_Supplied records_.
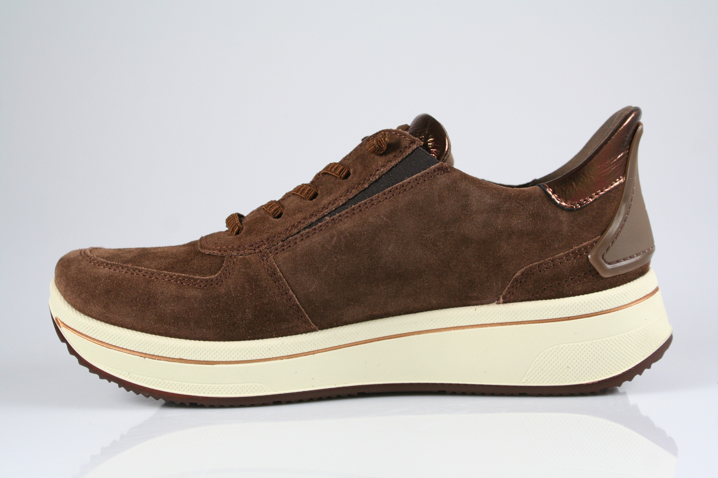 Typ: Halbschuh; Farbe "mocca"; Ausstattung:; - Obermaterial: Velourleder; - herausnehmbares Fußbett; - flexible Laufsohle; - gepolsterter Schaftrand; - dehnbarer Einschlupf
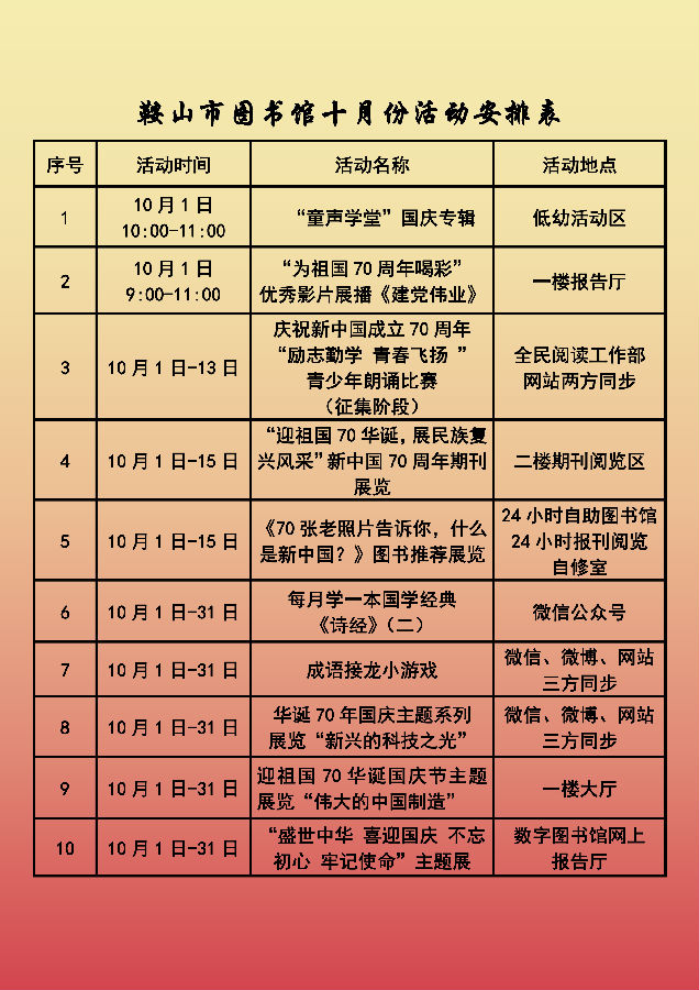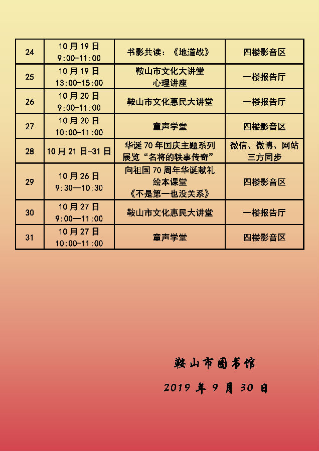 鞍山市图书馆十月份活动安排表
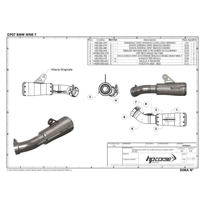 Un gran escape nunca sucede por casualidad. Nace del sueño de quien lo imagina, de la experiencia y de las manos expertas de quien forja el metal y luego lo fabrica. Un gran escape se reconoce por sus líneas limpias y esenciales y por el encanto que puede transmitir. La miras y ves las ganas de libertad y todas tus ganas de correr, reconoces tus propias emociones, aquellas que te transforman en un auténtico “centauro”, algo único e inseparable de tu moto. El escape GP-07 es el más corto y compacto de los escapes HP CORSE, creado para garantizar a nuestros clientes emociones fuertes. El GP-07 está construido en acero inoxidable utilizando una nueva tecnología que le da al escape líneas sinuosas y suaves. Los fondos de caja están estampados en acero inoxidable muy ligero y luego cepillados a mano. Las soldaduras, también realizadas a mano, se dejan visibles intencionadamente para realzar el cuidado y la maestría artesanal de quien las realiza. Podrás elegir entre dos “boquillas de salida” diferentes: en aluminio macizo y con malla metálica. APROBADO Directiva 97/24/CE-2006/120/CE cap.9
---
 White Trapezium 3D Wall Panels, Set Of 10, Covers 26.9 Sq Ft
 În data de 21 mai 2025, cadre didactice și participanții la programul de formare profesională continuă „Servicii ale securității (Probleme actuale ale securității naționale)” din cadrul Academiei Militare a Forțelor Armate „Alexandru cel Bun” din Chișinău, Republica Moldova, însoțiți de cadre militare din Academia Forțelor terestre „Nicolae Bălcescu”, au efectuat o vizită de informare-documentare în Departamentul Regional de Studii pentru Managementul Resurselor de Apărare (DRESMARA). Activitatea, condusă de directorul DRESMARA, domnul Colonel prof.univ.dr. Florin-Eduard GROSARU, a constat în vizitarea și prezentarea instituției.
* * *
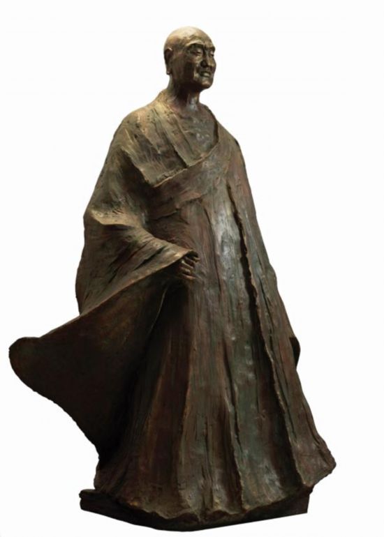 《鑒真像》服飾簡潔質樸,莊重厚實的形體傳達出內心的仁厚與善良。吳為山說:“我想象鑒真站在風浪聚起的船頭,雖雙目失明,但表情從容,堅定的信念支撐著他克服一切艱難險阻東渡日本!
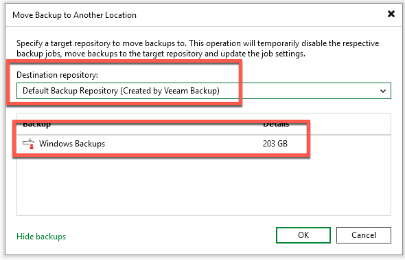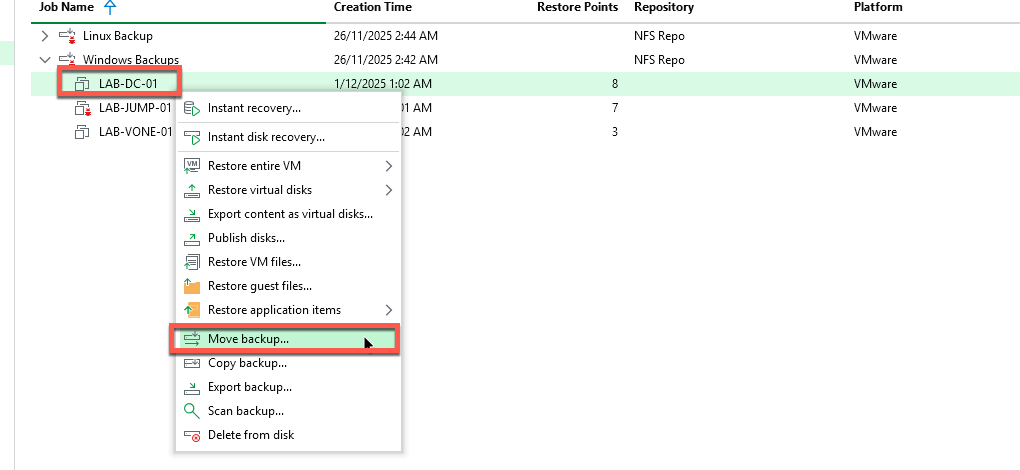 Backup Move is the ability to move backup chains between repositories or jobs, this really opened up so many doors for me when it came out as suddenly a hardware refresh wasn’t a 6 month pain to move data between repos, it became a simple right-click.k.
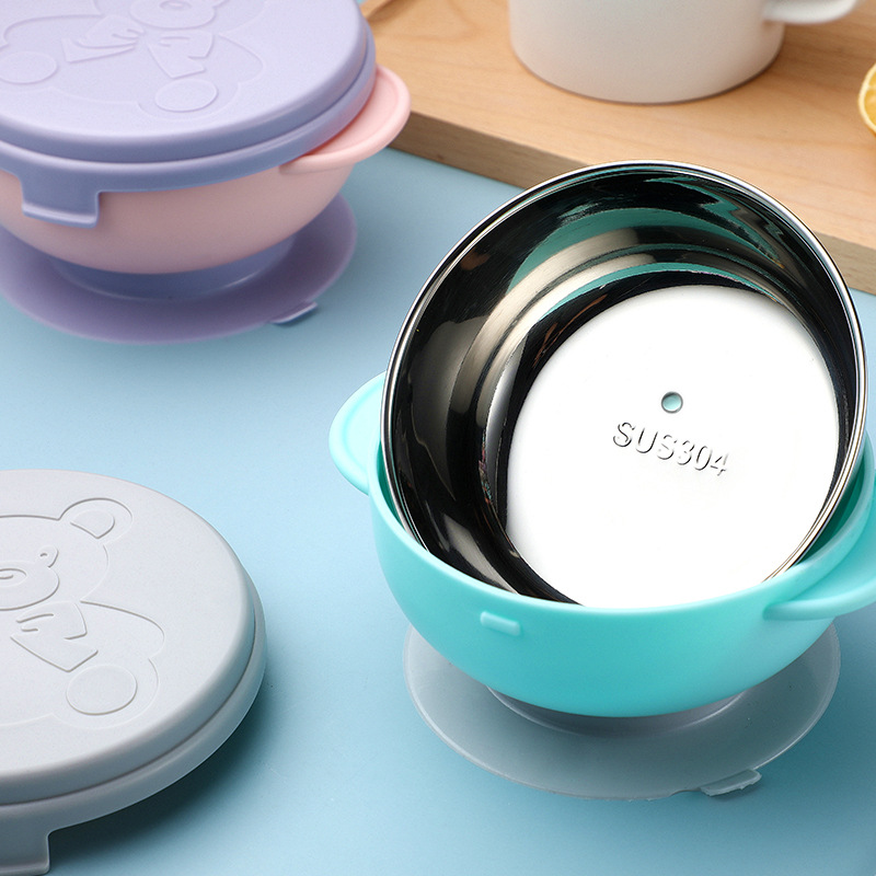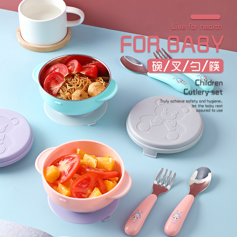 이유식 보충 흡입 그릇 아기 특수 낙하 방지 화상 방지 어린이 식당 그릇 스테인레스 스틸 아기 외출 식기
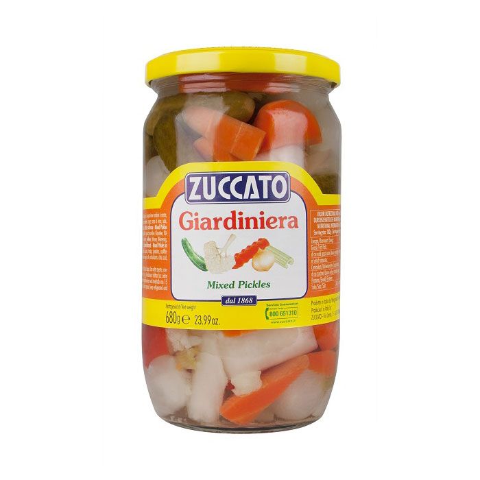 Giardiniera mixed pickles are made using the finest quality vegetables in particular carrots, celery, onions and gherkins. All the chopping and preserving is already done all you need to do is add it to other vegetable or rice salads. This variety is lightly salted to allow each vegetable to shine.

_What to do_. In the entries above, find the line holding "White Trapezium 3D" and the line holding "În data de 21"; print both of them and every line between, exactly, and nothing else.

_Written response_.
 White Trapezium 3D Wall Panels, Set Of 10, Covers 26.9 Sq Ft
 În data de 21 mai 2025, cadre didactice și participanții la programul de formare profesională continuă „Servicii ale securității (Probleme actuale ale securității naționale)” din cadrul Academiei Militare a Forțelor Armate „Alexandru cel Bun” din Chișinău, Republica Moldova, însoțiți de cadre militare din Academia Forțelor terestre „Nicolae Bălcescu”, au efectuat o vizită de informare-documentare în Departamentul Regional de Studii pentru Managementul Resurselor de Apărare (DRESMARA). Activitatea, condusă de directorul DRESMARA, domnul Colonel prof.univ.dr. Florin-Eduard GROSARU, a constat în vizitarea și prezentarea instituției.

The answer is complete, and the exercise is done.